TASK BRIEF
What is needed is an exact repetition of the lines from the first one in the data through the line with "4. Bagian usus", with no pictures.

<<<<

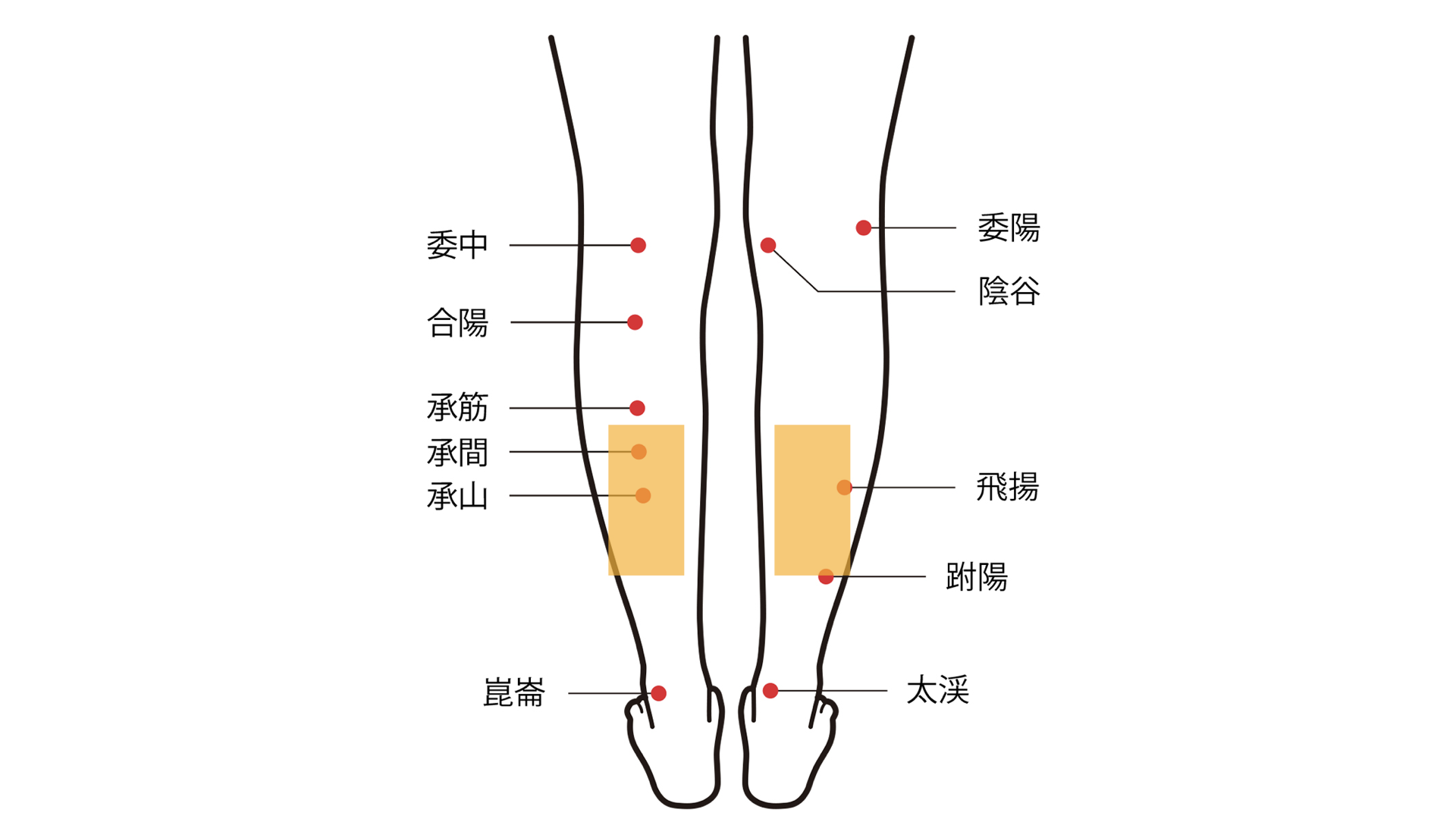 - ふくらはぎの真ん中(承山穴)をお灸もしくは小豆カイロで温める
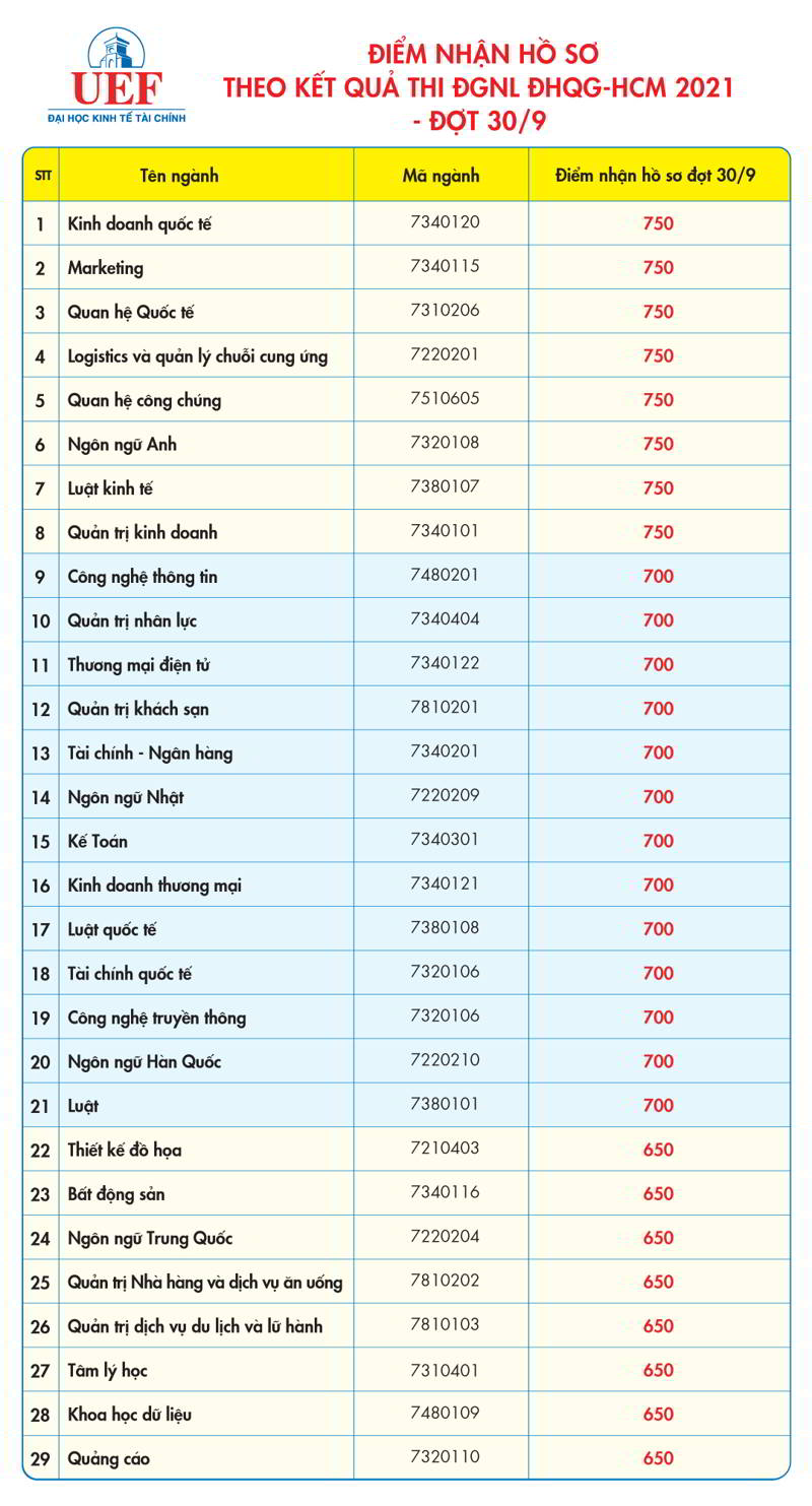 Mức điểm trúng tuyển theo phương thức xét kết quả thi Đánh giá năng lực Đại học Quốc gia TP.HCM tại UEF đợt 20/9 cao nhất vẫn là 750 ở các ngành Kinh doanh quốc tế, Quan hệ quốc tế, Luật quốc tế; các ngành Quản trị kinh doanh, Logistics và Quản lý chuỗi cung ứng, Ngôn ngữ Hàn Quốc có mức điểm trúng tuyển là 700, 23 ngành còn lại có mức điểm trúng tuyển là 650, chi tiết như sau:
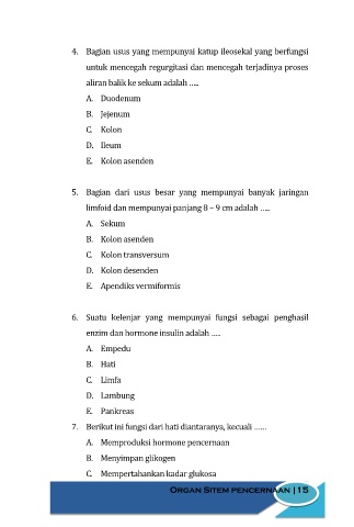 4. Bagian usus yang mempunyai katup ileosekal yang berfungsi
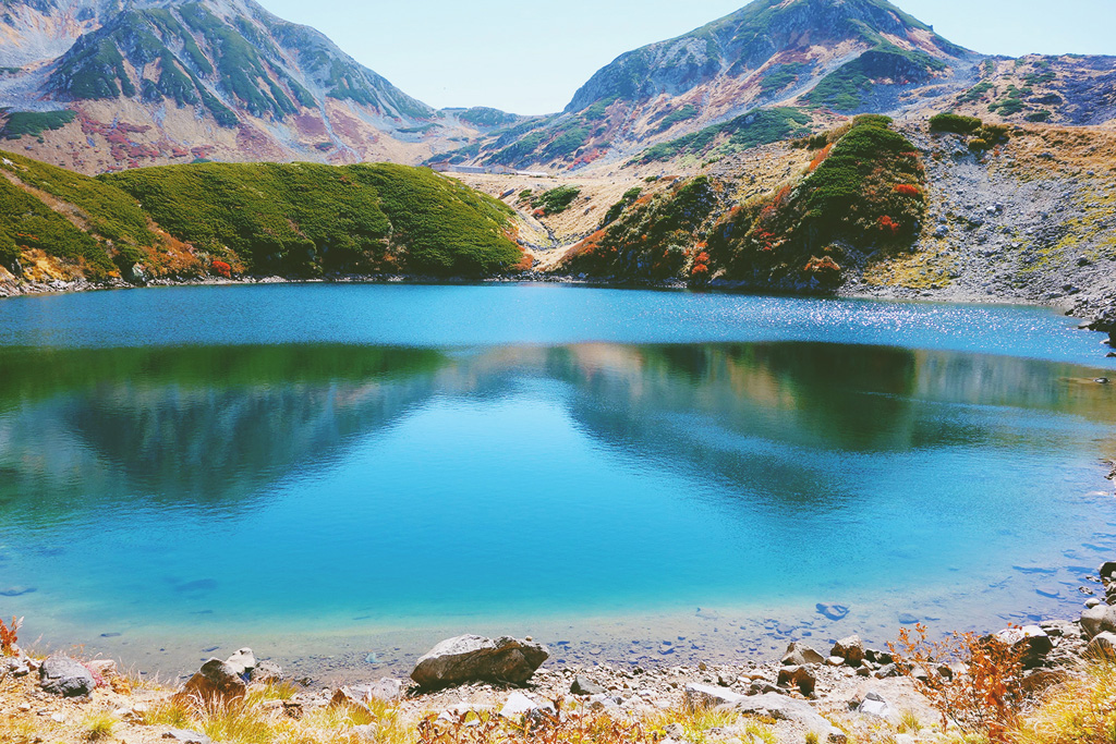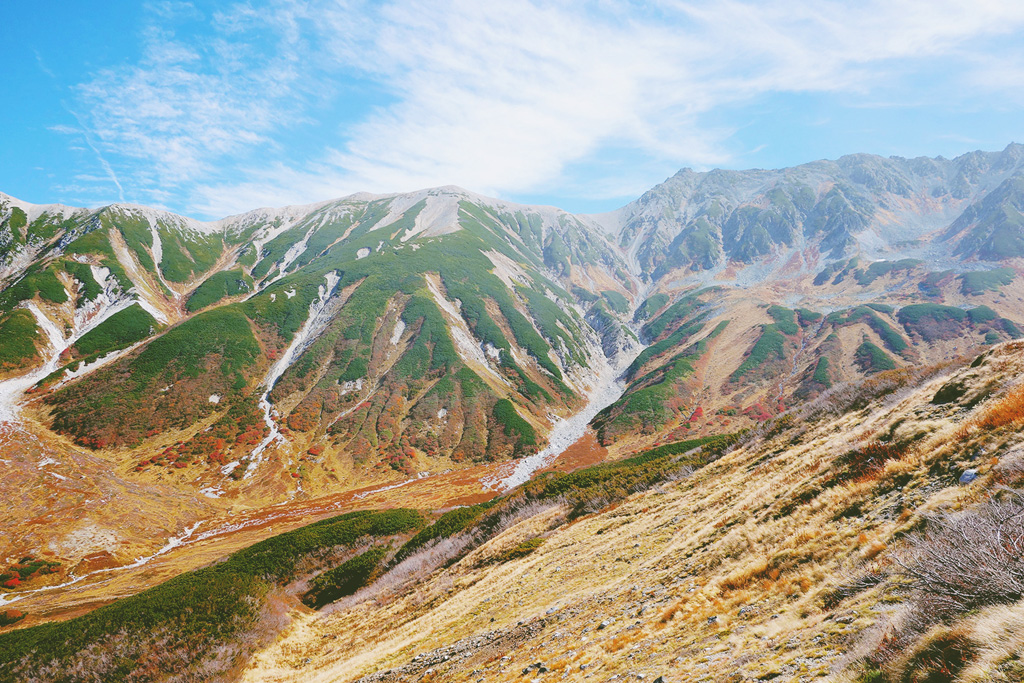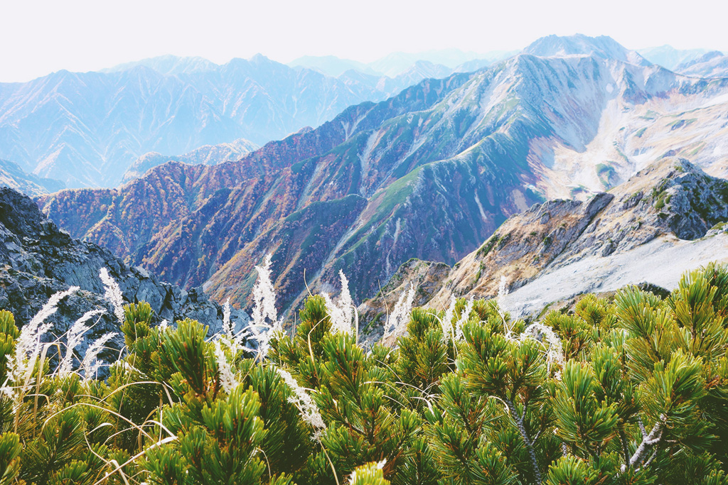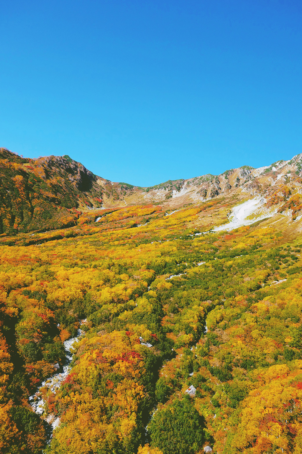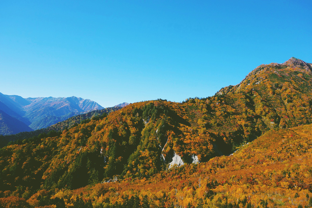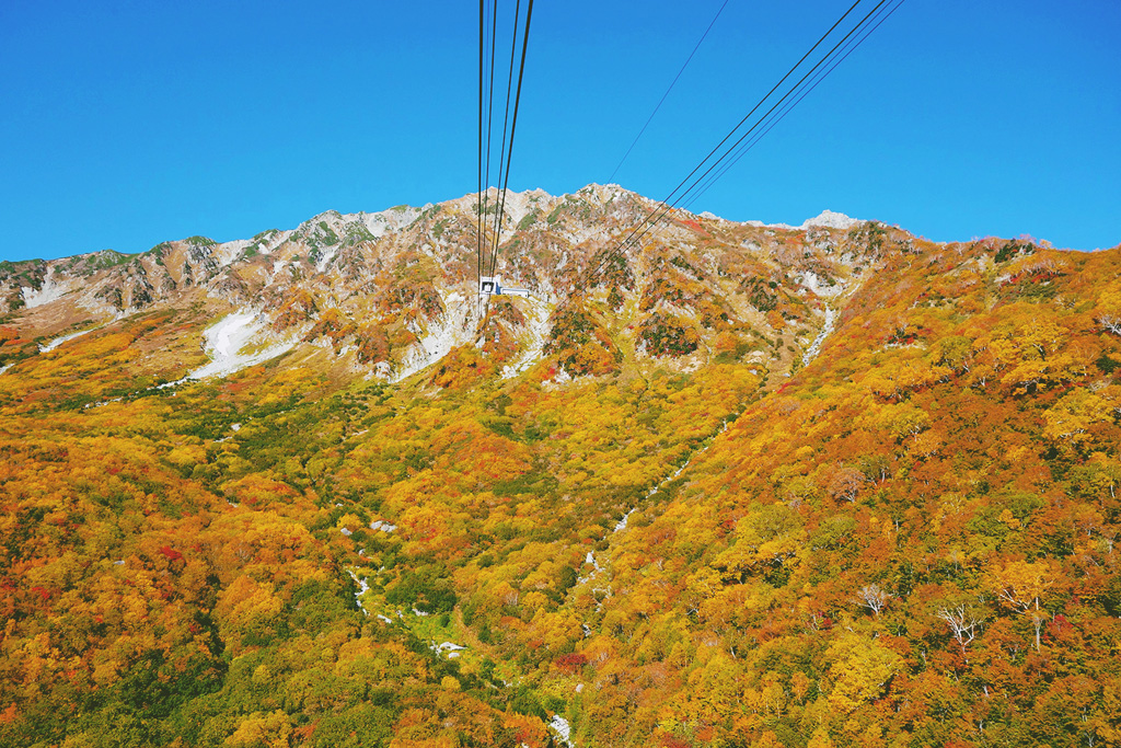 扇沢駅の駐車場から景景色を望む。すでに紅葉は終盤に差し掛かったかのような雰囲気。
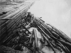 Subject Bakevje mellom bergrygg og skådam i tømmerkistekonstruksjon ved Sagafoss i Tinnåa i Notodden kommune i Telemark (da dette fotografiet ble tatt het kommunen «Hiterdal» [Heddal]). Fotografiet er tatt 4. juli 1907 «kl. 2 1/4», altså klokka 14. 15. Virket vi ser i forgrunnen er til dels tømmerstokker som later til å ha fått hard medfart i vassdraget før det nådde hit ned til Sagafoss, dels kvist og bark. I ei evje på baksida av skådammen lå det også tømmer da dette fotografiet ble tatt, til tross for at det antakelig var slike virkesopphopninger den fotograferte skådammen skulle forebygge. Tømmeret i bakgrunnen later til å ha vært atskillig mindre skadd enn det som ligger i forgrunnen. Dette fotografiet er blant de 30 opptakene Tinfos Papirfabrik leverte som bevismateriale i forbindelse med en tvist med Skiensvassdragets Fellesfløtningsforening i 1907. Striden hadde sitt opphav i «Tinnfoss-sveiva», en strømvirvel som hadde oppstått etter at papirfabrikken foregående vinter hadde bygd ny dam, økt kapasiteten på sitt vanninntak og tippet stein fra anleggsarbeidet i vassdraget under Tinnfossen. For advokaten til papirfabrikken var det et poeng å vise, at skader på fløtingsvirket kunne ha oppstått andre steder i vassdraget, som her. De knekte tømmerstokkene i forgrunnen, på et fotografi som var tatt ovenfor «Tinnfoss-sveiva» ble antakelig brukt i denne argumentasjonen. Mer om konflikten mellom Skiensvassdragets Fellesfløtningsforening og Tinfos Papirfabrik i rubrikken «Andre opplysninger».

>>>>

SOLUTION FOR THIS EXERCISE
 - ふくらはぎの真ん中(承山穴)をお灸もしくは小豆カイロで温める
 Mức điểm trúng tuyển theo phương thức xét kết quả thi Đánh giá năng lực Đại học Quốc gia TP.HCM tại UEF đợt 20/9 cao nhất vẫn là 750 ở các ngành Kinh doanh quốc tế, Quan hệ quốc tế, Luật quốc tế; các ngành Quản trị kinh doanh, Logistics và Quản lý chuỗi cung ứng, Ngôn ngữ Hàn Quốc có mức điểm trúng tuyển là 700, 23 ngành còn lại có mức điểm trúng tuyển là 650, chi tiết như sau:
 4. Bagian usus yang mempunyai katup ileosekal yang berfungsi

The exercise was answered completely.